* ASSIGNED TASK
Your answer must be the lines from the first record through the line that contains "Este cartão de", copied exactly and without any pictures.

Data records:
=== Section Start ===
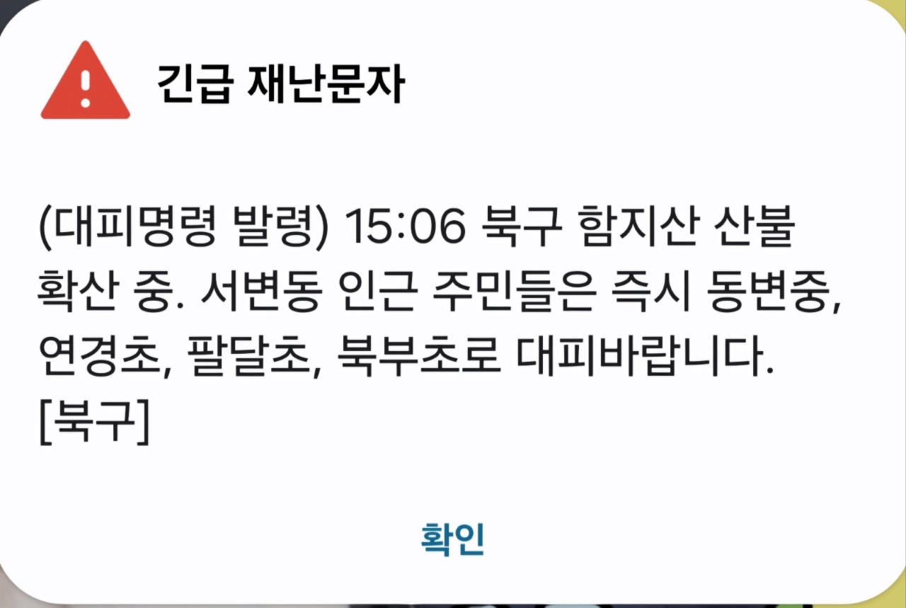 대구 북구 함지산 산불이 재발화하면서 서변동 일대 주민들에게 대피령이 내려졌습니다.대구 북구청은 4월 30일 오후 5시 6분 "북구 함지산 산불 확산 중"이라며 "서변동 인근 주민들은 즉시 동변중, 연경초, 팔달초, 북부초로 대피바랍니다"라는 긴급재난문자를 발송했습니다.
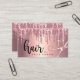 Este cartão de visita elegante design de cabelos estilista apresenta cobre falso e rosa rosa rosa-rosa com textura metálica brilhante, tesoura e elegante letra de caligrafia.
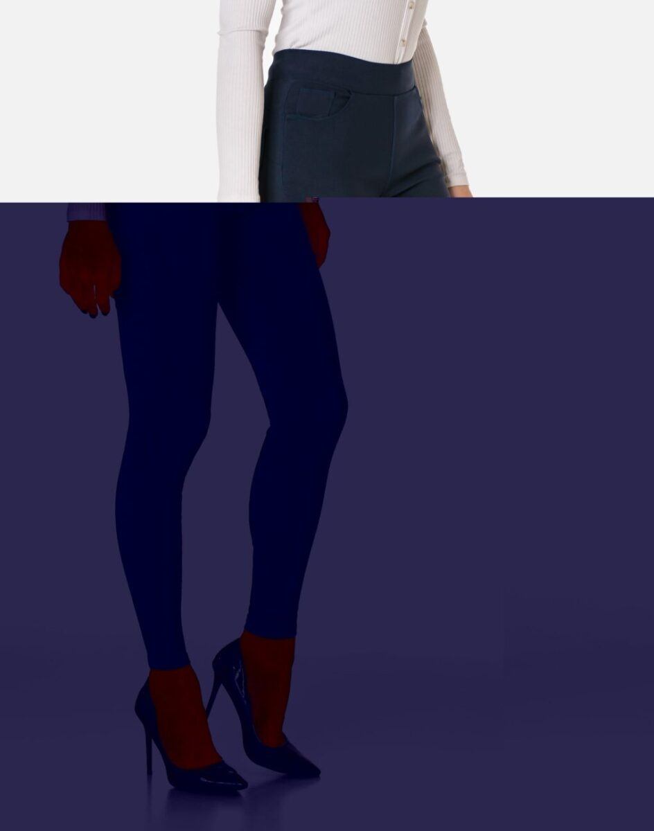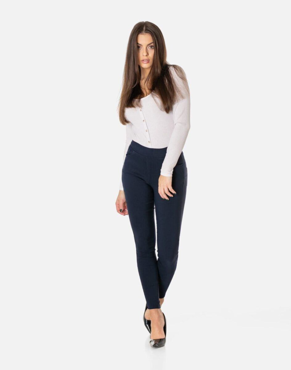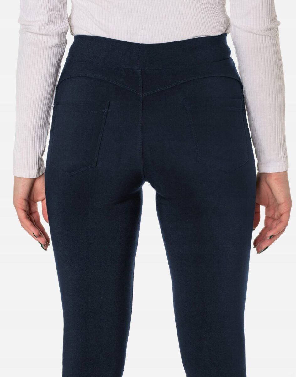 Oferowane przez nas spodnie uszyte są z wysokiej jakości tkaniny bawełnianej „Dark Blue” z domieszką lycry (elastan), dzięki czemu spodnie są bardziej elastyczne, mocno przylegają do ciała a nogi wydają się się optycznie dłuższe. Pozwalają na pełną swobodę ruchów, co daje komfort przy siadaniu i zapewnia ogromny komfort noszenia. Wewnętrzna strona spodni posiada wykończenie typu „MESCH” (fabrycznie wykończona jest miłym w dotyku i przyjemnym dla ciała meszkiem tzw. „szczotkowana”) zapewniające bardzo przyjemny kontakt ze skórą oraz komfort cieplny. Możesz je śmiało łączyć zarówno z eleganckimi (idealnie wydłużają kobiece nogi), lub w wersji bardziej „na luzie” z balerinami lub czółenkami na wysokim obcasie a Twoja stylizacja nabierze wyjątkowego charakteru. Zapewniają poczucie atrakcyjności przy jednoczesnym zachowaniu wygody i pełnej swobody ruchów. Sprawdzony przez wiele zadowolonych klientek fason Slim Fit z wąską dopasowaną nogawką pozwoli Ci założyć je na wiele różnych okazji a miłośniczki spodni Push-Up jednogłośnie twierdzą, że w trakcie ich noszenia pewność siebie szybuje bardzo wysoko.
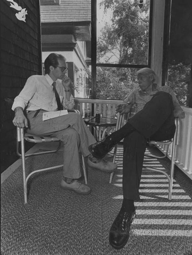 In college I joined the Minnesota Daily, a 50,000-circulation paper. I wrote a column for years, was opinion page editor for a year, books co-editor for another. Here I'm looking very Serious and Journalistic as I interview Daily alum Harrison Salisbury on the porch of his Minneapolis relative.
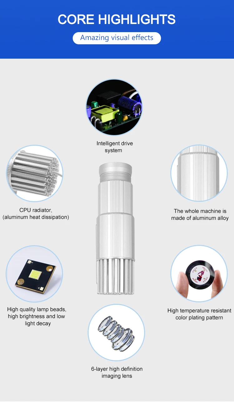 1. Yufan прямые продажи с фабрики, цена и качество гарантированы 2. Лампа для проектора с индивидуальным узором 3. Зеленый и экологически чистый, низкое энергопотребление 4. Различные узоры могут быть настроены в соответствии с потребностями пользователя. 5. Изготовлен из алюминиевого сплава, высокое качество и долгое время работы
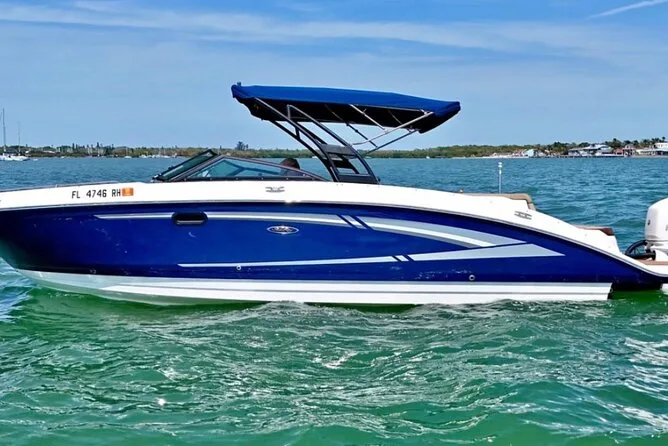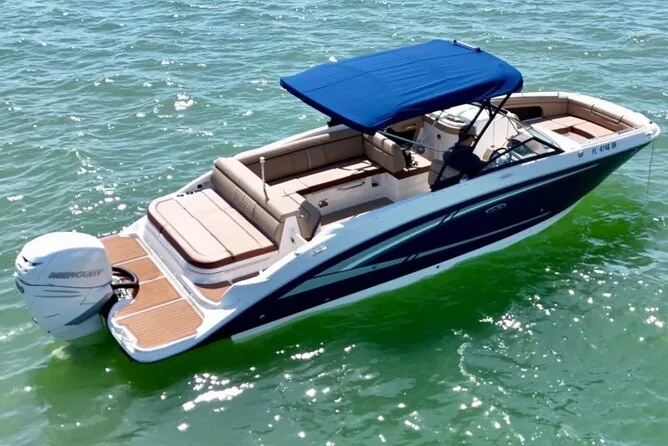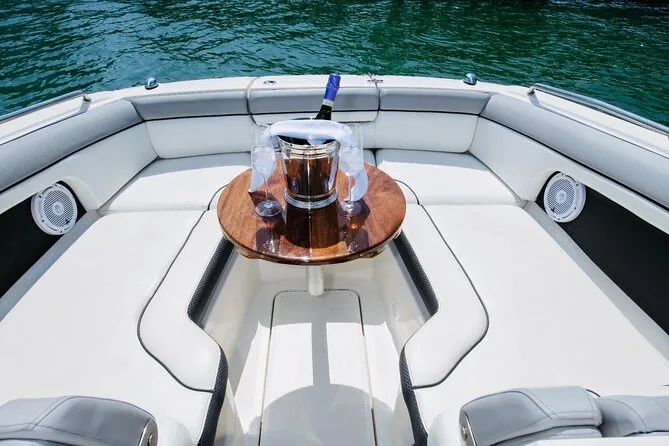 Salpa da Bayside Marketplace per un noleggio barca privato a Miami con amici o famiglia, champagne incluso. Naviga davanti a Star Island e Fisher Island mentre il capitano racconta storie locali. Goditi musica sul ponte, brezze fresche e viste mozzafiato dello skyline prima di tornare a riva più leggeri e felici.
=== Section End ===
* SOLUTION TO THE EXERCISE
 대구 북구 함지산 산불이 재발화하면서 서변동 일대 주민들에게 대피령이 내려졌습니다.대구 북구청은 4월 30일 오후 5시 6분 "북구 함지산 산불 확산 중"이라며 "서변동 인근 주민들은 즉시 동변중, 연경초, 팔달초, 북부초로 대피바랍니다"라는 긴급재난문자를 발송했습니다.
 Este cartão de visita elegante design de cabelos estilista apresenta cobre falso e rosa rosa rosa-rosa com textura metálica brilhante, tesoura e elegante letra de caligrafia.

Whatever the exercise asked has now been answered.